In addition to the above services, BlackRock provides the Company with marketing services. The total fees paid or payable for these services for the year ended 30 September 2016 amounted to US$58,000 excluding VAT (2015: US$73,000) of which US$40,000 excluding VAT (2015: US$145,000) was outstanding at 30 September 2016.

The Company has an investment in BlackRock’s Institutional Cash Series plc – US Dollar Liquidity Fund of US$42,625,000 (2015: US$52,924,000) at the year end.

At the date of this report, the Board consists of five non-executive Directors, all of whom are considered to be independent of the Manager by the Board. Ms Ruddick,  who had served on the board up until the date of this report, was not considered to be independent as she also served as a director of another BlackRock managed investment trust.  However, Ms Ruddick has retired from the Board with effect from 22 November 2016.  Mr Stephen White, who will take over from Ms Ruddick as Chairman of the Audit & Management Engagement Committee, joined the Board on 13 July 2016 and is wholly independent. 

None of the Directors has a service contract with the Company.

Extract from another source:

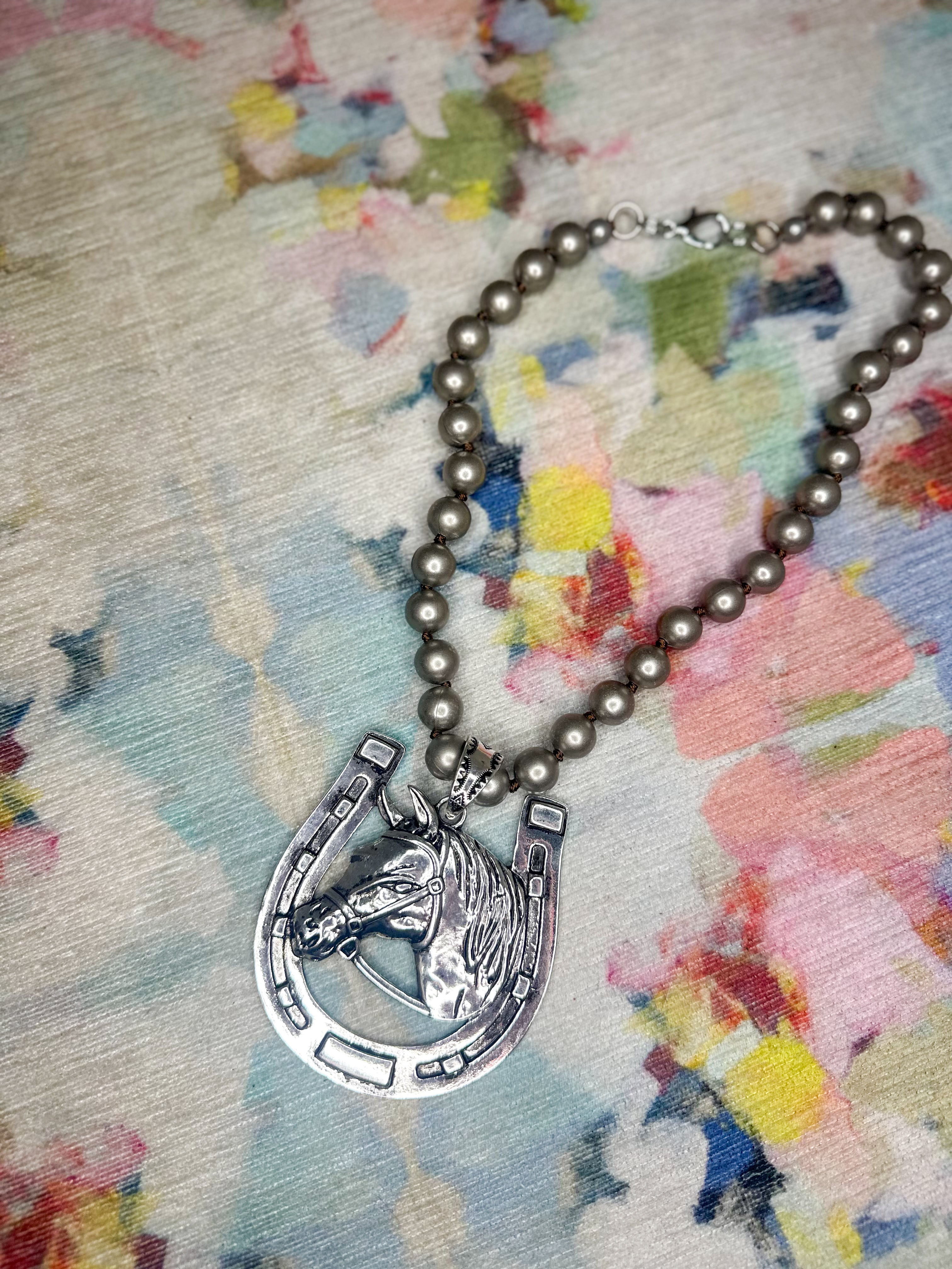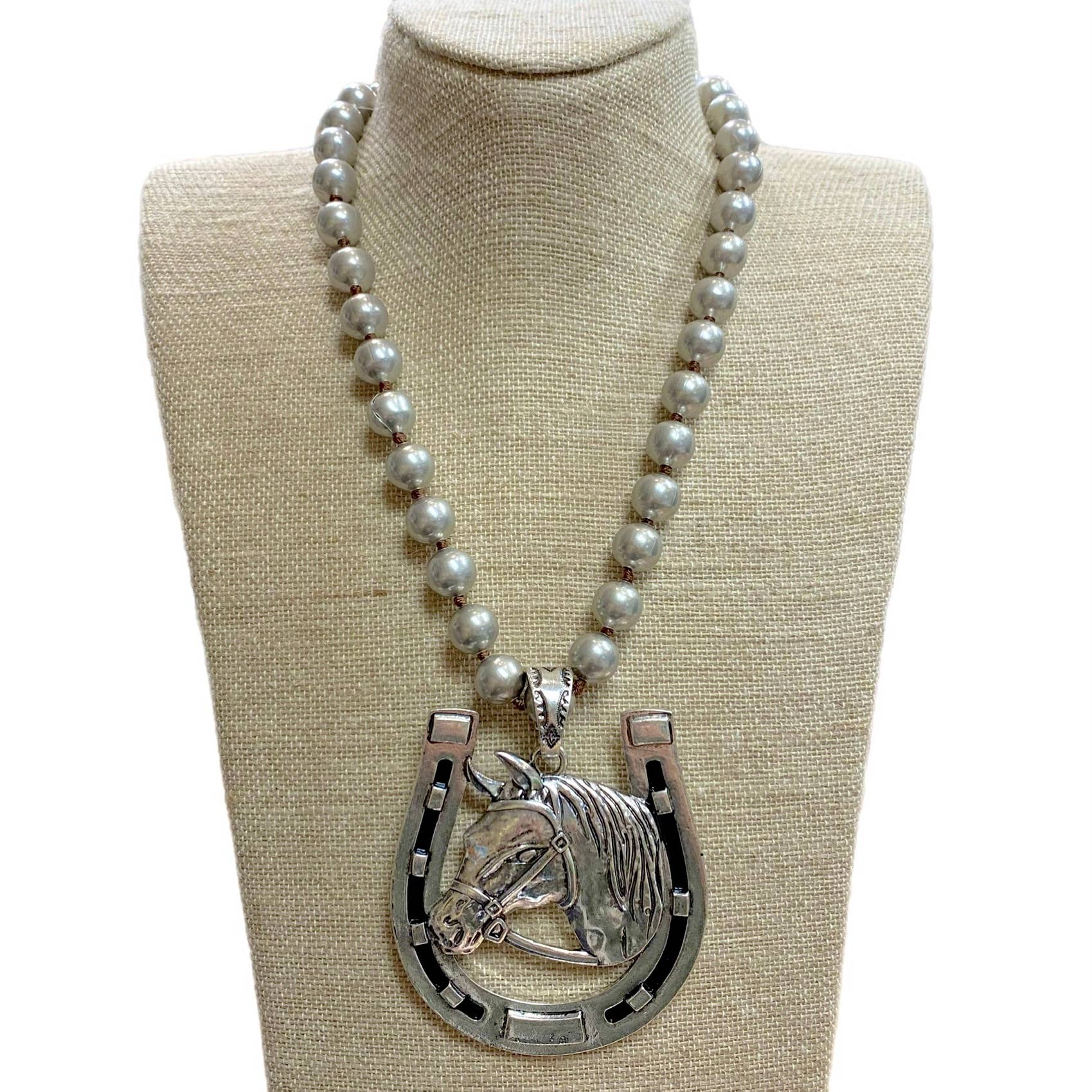 Horse Shoe Pendant on 12mm Faux Navajo Pearl Necklace

For the year ended 30 September 2016, the Chairman received an annual fee of £34,000, the Chairman of the Audit & Management Engagement Committee receives an annual fee of £28,000 and each of the other Directors received an annual fee of £24,000. With effect from 1 October 2016, the Chairman will receive an annual fee of £36,000, the Chairman of the Audit & Management Engagement Committee will receive an annual fee of £30,000 and each of the other Directors will receive an annual fee of £26,000.

As at 30 September 2016, an amount of US$17,000 (£13,000) was payable to Directors in respect of their annual fees (2015: US$17,000 (£11,000).

All  members of the Board hold ordinary shares in the Company. Audley Twiston-Davies holds 128,935 ordinary shares, John Murray holds 121,967 ordinary shares, Nick Pitts-Tucker holds 110,148 ordinary shares, Lynn Ruddick holds 185,940 ordinary shares (which includes a related party holding of 59,915 shares held through an ISA by her husband, Mr Dewar) Sarmad Zok holds 38,787 ordinary shares and Stephen White holds 30,000 ordinary shares.

STATEMENT OF DIRECTORS' RESPONSIBILITIES IN RESPECT OF THE ANNUAL REPORT AND FINANCIAL STATEMENTS

The Directors are responsible for preparing the Annual Report, the Directors’ Remuneration Report and the financial statements in accordance with applicable United Kingdom law and regulations.

Company law requires the Directors to prepare financial statements for each financial year. Under that law, the Directors are required to prepare the financial statements under IFRS as adopted by the European Union. Under Company law the Directors must not approve the financial statements unless they are satisfied that they give a true and fair view of the state of affairs of the Company and of the profit or loss of the Company for that period.

In preparing these financial statements, the Directors are required to:

- present fairly the financial position, financial performance and cash flows of the Company;

- select suitable accounting policies in accordance with IAS 8: Accounting Policies, Changes in Accounting Estimates and Errors and then apply them consistently;

- present information, including accounting policies, in a manner that provides relevant, reliable, comparable and understandable information;

- make judgements and estimates that are reasonable and prudent;

- state whether the financial statements have been prepared in accordance with IFRS as adopted by the European Union, subject to any material departures disclosed and explained in the financial statements;

- provide additional disclosures when compliance with the specific requirements in IFRS as adopted by the European Union is insufficient to enable users to understand the impact of particular transactions, other events and conditions on the Company’s financial position and financial performance; and

- prepare the financial statements on the going concern basis unless it is inappropriate to presume that the Company will continue in business.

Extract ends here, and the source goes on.